After network connectivity was lost for a couple of hours, the Telegram gateway stopped reconnecting and never recovered on its own. Restarting the gateway was required to restore connectivity.

Reproduction

Start the gateway with Telegram configured and connected.
Simulate a prolonged infrastructure outage, for example by disabling networking or causing repeated DNS failures for a few hours.
Wait for the reconnect loop to exhaust repeated retryable failures.
Restore network connectivity.

Expected Behavior

The gateway should keep retrying retryable reconnect failures with backoff until connectivity returns or the adapter reports a non-retryable error.

Actual Behavior

The reconnect watcher gives up after repeated retryable failures, so the Telegram adapter remains disconnected permanently until the gateway is restarted.

Notes

This appears to affect transient infrastructure failures such as DNS resolution problems.

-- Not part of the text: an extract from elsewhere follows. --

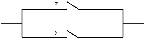 Рис. 4. 1 Функция проводимости схемы, состоящей из двух параллельно соединенных контактов x и y (рис. 4. 2) есть f (x, y) = x V y.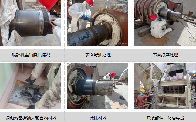 某企业颚式破碎机在运行过程中出现了主轴磨损问题,其轴承型号为231/500CAK/C3W33,轴径为Ф450mm,磨损宽度为310mm,磨损深度为单边2-4mm,局部有深沟。该企业在遇到颚式破碎机主轴磨损问题时,是选择用索雷碳纳米聚合物材料进行修复的,该材料具有粘结强度高、综合力学性能好、抗腐蚀、易于成型、可加工等优势。并且可以实现现场在线修复,不需要对修复表面做二次加工处理,不仅可以降低工人劳动强度和施工中的不安全因素,而且可以缩短企业停机停产时间,降低企业损失。

The failure should remain queued for reconnect instead of being dropped after a fixed attempt limit.

TL;DR

The Telegram gateway can be fixed by modifying the reconnect logic to continue retrying after a prolonged infrastructure outage.

Guidance

Review the reconnect watcher's implementation to identify why it gives up after repeated retryable failures, potentially due to a fixed attempt limit.
Consider implementing an exponential backoff strategy for reconnect attempts to prevent overwhelming the system during prolonged outages.
Investigate the possibility of adding a queue or buffer to store reconnect attempts, allowing the gateway to retry failed connections when connectivity is restored.
Verify that the Telegram adapter correctly reports non-retryable errors to prevent infinite reconnect loops.

Example

No code snippet is provided due to the lack of specific implementation details in the issue.

Notes

The solution may require modifications to the gateway's reconnect logic and potentially the Telegram adapter's error reporting mechanism. The exact changes will depend on the specific implementation and requirements of the system.

Recommendation

Apply a workaround by modifying the reconnect logic to continue retrying after a prolonged infrastructure outage, as this appears to be the root cause of the issue. This will allow the gateway to recover from transient infrastructure failures without requiring a restart.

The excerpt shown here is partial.